I looked through my cookbooks last week for a carrot cake recipe that I thought would be as delicious as the one in my imagination.  I don't recall ever making a carrot cake before but I've enjoyed a couple that were ever-so-scrumptious and I was having a hankerin' for it.  It was the day before my birthday and I always take something to our weekly bible study so I was in the mood to try a new recipe.  I found several but had a feeling I'd find what I was looking for in one of my own cookbooks and voila! - there it was, in one of my Susan Branch books.  I prepared it pretty much according to the directions and it was incredibly delicious.  It's definitely a keeper for the family cook book.


4 eggs, well beaten
1 cup packed brown sugar
1 cup white sugar
1 1/2 cup vegetable oil
2 cups unbleached flour
2 teaspoons baking powder
2 teaspoons baking soda
2 teaspoons cinnamon ( I used the Vietnam cinnamon I bought at the Crystal and Spice Shop downtown)
1 1/2 teaspoons nutmeg
3 cups finely grated carrot
1 cup coconut
1 8 ounce can crushed pineapple (drained well)
1 cup raisin ( original recipe called for golden but I only had regular so that's what I used)
1 cup walnuts chopped coursely

Frosting:

1/2 cup butter, softened
8 ounces cream cheese, softened
1 pound box of powered sugar (16 oz)
3 teaspoons vanilla



Preheat oven to 350 degrees.  Prepare 3 8-inch cake pans (or use a half sheet pan if you don't want layers).

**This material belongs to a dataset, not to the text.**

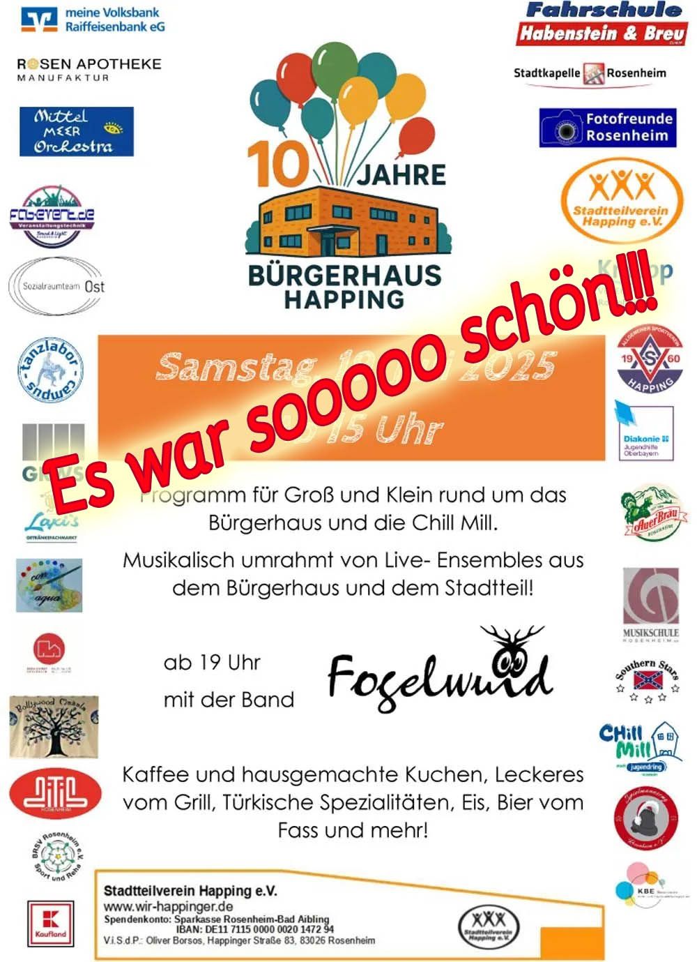 Am 19. Juli 2025, bei herrlichem Sommerwetter, feierten hunderte große und kleine Gäste das 10jähre Bestehen des Bürgerhaus Happing!

Beat eggs in a large bowl, add sugars and beat until well blended.  Add oil and mix well with whisk.  Add dry ingredients and beat until smooth.  Pour in remaining cake ingredients and pour evenly into prepared pans.  Bake for approximately 40 minutes.

Combine frosting ingredients and frost between layers and on top (or all over like I did!)

You won't regret making this cake!  You might regret that you won't be able to resist it if you're on a diet.  No one will tell, promise!